Simu served as acting mayor of Sebeș in 1930-1931. By this time, his public image was in decline, with a hundred parishioners from Sebeș penning a letter to Metropolitan Vasile Suciu, complaining that he focused on political power to the detriment of church matters. Already during his time as deputy, his frequent trips to parliament and ministries in distant Bucharest angered the faithful, even though he helped secure funds for the church and its school. In 1931, former PNR comrades, by now in the National Peasants' Party (PNȚ), published bitter articles against Simu, accusing him of greed for his involvement in a land dispute. The priest replied via open letter, but a fresh salvo ended in a quatrain calling him “Father Million”.

Nevertheless, Simu joined the PNȚ, running as its candidate at the 1933 election. The following year, he was elected to its Alba County executive. From that point, he was exclusively involved in party work, no longer seeking office. In November 1934, at Cut, he led a group of priests in celebrating the liturgy, following which he delivered a speech; the occasion was the unveiling of a bust of Septimiu Albini, which 10,000 attended. In 1935-1936, he was vice president of the Alba County PNȚ, attending rallies and lavishing praise on party president Iuliu Maniu.
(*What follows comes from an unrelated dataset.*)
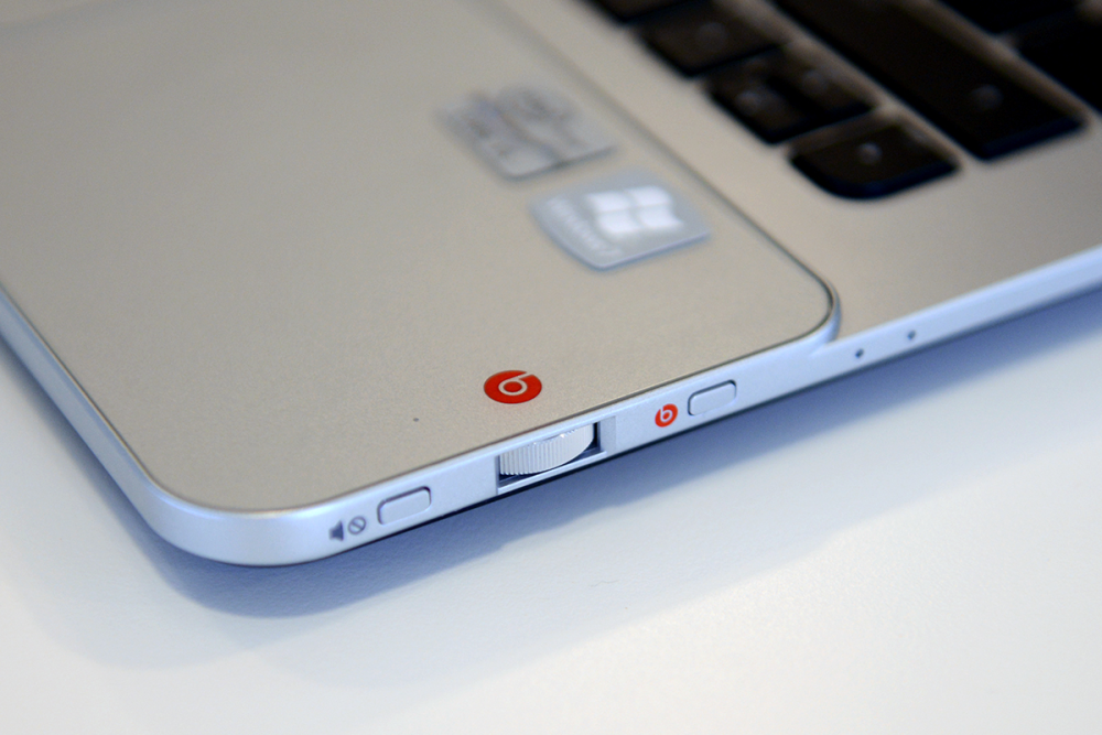 Volumenknappen er flankeret af to andre knapper. Den ene kan mute al lyd, mens den anden aktiverer indstillingsmenuen for Beats Audio, som computeren er udstyret med.

Turning 60 in 1935, he had become a loyal activist, no longer clashing with the leadership.

===Communist onset and death===
In August 1946, with the Romanian Communist Party consolidating power, the PNȚ Alba chapter, representing the main faction still backing Maniu, met at a bank in Alba Iulia. Their purpose was to nominate candidates for the November election. Following a pattern of communist activists disrupting Peasantist gatherings, some 40 people broke into the bank and started beating those present. Simu, while trying to leave the room, was brutally beaten with a chair and an electric lamp.
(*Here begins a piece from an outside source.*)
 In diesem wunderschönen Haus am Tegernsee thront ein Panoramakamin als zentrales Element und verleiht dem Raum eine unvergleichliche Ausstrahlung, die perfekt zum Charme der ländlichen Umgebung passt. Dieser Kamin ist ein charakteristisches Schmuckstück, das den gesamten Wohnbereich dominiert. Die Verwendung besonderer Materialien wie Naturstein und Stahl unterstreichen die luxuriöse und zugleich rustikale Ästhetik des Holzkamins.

Shortly thereafter, Simu retired from the priesthood. Most likely, the beating left him unable to carry out his duties. He departed Sebeș and moved in with one of his daughters at Alba Iulia, where he died two years later, just short of age 73. Simu was buried in the Maieri cemetery. Thus, he did not live to see the new communist regime outlaw his church several months later, nor the widespread campaign of persecution it launched against its clerics, and against non-communist politicians.